* **Instructions for the task**: The response must consist of the lines below from the one with "Οι ημιβυθιζόμενοι κάδοι" through the one with "玻璃幕墙可使建筑物富有光泽,体重轻巧,明", exactly as they appear and with both ends kept.

[Dataset excerpts]
>>>>>
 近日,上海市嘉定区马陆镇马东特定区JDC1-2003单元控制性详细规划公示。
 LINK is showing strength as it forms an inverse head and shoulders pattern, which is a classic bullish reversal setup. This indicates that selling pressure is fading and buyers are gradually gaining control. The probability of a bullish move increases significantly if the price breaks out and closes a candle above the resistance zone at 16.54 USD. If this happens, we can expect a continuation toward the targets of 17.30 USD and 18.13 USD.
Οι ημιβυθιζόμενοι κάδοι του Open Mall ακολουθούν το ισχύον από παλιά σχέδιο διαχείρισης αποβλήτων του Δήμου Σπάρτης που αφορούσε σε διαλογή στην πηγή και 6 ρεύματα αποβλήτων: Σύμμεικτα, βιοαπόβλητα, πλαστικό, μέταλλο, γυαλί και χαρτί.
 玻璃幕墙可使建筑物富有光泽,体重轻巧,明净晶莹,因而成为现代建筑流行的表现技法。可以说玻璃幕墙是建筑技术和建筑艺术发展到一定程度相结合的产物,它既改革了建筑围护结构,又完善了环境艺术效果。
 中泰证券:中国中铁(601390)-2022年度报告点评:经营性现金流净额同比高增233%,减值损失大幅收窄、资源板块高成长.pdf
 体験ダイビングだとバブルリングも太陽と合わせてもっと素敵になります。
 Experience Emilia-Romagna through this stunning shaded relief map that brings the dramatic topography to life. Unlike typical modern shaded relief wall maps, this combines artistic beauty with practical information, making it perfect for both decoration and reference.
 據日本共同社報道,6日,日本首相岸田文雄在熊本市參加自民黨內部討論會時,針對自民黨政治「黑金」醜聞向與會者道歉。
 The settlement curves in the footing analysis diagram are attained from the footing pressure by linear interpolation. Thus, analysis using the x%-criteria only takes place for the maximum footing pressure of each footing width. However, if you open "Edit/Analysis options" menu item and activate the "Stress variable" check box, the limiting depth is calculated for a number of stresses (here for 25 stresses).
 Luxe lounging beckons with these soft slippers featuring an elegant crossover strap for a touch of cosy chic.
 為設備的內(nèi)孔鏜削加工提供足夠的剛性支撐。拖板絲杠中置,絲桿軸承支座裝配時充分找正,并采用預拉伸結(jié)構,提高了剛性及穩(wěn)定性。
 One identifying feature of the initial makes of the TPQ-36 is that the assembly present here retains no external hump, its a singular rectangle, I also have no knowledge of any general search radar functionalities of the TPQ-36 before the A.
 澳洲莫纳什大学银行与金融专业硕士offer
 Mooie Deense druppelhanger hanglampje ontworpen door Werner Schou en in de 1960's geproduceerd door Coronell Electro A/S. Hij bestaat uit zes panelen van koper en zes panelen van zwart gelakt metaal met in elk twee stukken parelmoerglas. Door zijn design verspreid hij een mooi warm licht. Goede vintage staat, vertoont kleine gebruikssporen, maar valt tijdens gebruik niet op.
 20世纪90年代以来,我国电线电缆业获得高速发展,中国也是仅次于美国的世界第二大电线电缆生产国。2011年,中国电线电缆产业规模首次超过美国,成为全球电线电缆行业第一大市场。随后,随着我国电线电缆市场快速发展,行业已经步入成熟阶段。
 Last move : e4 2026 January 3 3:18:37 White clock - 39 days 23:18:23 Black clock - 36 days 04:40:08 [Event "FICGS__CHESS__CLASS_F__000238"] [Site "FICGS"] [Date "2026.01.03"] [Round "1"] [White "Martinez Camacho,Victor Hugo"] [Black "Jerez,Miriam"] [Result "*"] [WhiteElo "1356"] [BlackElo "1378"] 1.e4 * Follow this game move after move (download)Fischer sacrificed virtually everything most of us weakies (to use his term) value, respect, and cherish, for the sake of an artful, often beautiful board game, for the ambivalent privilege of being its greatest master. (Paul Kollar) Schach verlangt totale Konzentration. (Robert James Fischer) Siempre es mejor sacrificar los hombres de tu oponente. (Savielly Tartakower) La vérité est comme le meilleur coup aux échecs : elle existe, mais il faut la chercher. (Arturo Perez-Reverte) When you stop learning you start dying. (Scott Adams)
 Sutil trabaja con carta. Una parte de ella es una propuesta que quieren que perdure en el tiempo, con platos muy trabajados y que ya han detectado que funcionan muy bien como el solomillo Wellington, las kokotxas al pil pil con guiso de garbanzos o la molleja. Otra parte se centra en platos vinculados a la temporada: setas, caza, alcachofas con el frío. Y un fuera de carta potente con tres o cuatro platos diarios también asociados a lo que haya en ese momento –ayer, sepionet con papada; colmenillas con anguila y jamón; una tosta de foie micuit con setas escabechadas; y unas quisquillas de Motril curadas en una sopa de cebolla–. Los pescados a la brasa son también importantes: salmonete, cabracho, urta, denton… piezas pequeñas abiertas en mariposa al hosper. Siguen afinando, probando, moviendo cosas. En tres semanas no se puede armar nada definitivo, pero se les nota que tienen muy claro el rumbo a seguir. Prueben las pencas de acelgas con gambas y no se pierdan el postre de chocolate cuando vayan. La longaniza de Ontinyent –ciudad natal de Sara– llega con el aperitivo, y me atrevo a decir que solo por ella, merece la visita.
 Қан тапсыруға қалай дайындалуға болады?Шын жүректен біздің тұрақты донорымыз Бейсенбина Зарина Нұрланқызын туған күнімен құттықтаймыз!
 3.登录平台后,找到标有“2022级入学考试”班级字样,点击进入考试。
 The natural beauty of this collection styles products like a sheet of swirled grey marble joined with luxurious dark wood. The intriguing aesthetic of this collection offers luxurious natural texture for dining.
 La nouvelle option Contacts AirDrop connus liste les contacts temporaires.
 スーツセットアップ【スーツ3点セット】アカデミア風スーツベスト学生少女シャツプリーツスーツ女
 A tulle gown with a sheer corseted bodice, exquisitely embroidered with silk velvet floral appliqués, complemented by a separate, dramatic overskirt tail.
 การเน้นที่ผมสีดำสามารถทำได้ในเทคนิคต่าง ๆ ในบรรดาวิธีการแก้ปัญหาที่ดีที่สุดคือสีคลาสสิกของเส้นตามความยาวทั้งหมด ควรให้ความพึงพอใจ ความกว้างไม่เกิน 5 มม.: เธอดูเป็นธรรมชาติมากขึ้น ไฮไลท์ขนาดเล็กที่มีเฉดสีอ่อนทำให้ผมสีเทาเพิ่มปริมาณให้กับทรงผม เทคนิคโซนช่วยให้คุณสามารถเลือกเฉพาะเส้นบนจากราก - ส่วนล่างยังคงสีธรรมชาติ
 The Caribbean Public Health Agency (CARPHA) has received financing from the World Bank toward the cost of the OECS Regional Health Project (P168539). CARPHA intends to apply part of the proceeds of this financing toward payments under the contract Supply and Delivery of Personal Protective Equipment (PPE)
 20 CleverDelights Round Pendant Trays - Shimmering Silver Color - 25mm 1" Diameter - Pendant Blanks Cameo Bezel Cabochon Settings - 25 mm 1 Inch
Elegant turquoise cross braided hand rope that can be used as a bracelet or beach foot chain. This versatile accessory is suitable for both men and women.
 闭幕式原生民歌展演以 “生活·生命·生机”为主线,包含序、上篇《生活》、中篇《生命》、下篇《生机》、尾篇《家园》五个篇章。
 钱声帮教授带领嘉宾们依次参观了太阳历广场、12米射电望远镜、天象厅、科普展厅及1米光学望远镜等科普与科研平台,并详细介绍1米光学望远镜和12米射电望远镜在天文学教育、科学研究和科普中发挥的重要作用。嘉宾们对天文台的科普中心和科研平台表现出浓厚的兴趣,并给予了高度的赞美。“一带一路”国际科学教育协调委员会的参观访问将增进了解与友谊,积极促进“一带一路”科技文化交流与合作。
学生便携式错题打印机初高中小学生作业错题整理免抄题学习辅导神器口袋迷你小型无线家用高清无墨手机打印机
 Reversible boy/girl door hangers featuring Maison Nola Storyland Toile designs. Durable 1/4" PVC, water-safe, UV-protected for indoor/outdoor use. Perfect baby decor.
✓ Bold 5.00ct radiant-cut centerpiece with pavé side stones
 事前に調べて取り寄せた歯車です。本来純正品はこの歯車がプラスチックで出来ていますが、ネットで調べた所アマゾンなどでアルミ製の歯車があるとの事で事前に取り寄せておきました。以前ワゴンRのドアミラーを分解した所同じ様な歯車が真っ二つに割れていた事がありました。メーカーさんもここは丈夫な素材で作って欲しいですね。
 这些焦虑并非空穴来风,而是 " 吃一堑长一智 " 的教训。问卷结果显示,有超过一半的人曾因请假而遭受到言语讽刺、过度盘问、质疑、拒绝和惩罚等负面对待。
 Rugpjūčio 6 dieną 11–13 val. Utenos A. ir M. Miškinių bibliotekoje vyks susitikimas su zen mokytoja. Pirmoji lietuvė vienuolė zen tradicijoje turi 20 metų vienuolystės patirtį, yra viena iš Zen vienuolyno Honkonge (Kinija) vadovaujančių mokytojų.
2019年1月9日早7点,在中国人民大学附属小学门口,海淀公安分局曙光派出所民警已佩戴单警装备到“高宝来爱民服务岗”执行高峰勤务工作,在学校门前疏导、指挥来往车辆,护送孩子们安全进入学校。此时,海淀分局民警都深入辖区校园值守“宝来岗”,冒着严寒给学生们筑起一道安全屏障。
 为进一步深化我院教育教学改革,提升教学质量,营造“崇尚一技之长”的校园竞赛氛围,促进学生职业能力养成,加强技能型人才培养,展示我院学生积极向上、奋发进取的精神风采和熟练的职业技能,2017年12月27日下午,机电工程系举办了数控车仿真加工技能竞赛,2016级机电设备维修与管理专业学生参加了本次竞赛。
<<<<<
* **Finished exercise**:
Οι ημιβυθιζόμενοι κάδοι του Open Mall ακολουθούν το ισχύον από παλιά σχέδιο διαχείρισης αποβλήτων του Δήμου Σπάρτης που αφορούσε σε διαλογή στην πηγή και 6 ρεύματα αποβλήτων: Σύμμεικτα, βιοαπόβλητα, πλαστικό, μέταλλο, γυαλί και χαρτί.
 玻璃幕墙可使建筑物富有光泽,体重轻巧,明净晶莹,因而成为现代建筑流行的表现技法。可以说玻璃幕墙是建筑技术和建筑艺术发展到一定程度相结合的产物,它既改革了建筑围护结构,又完善了环境艺术效果。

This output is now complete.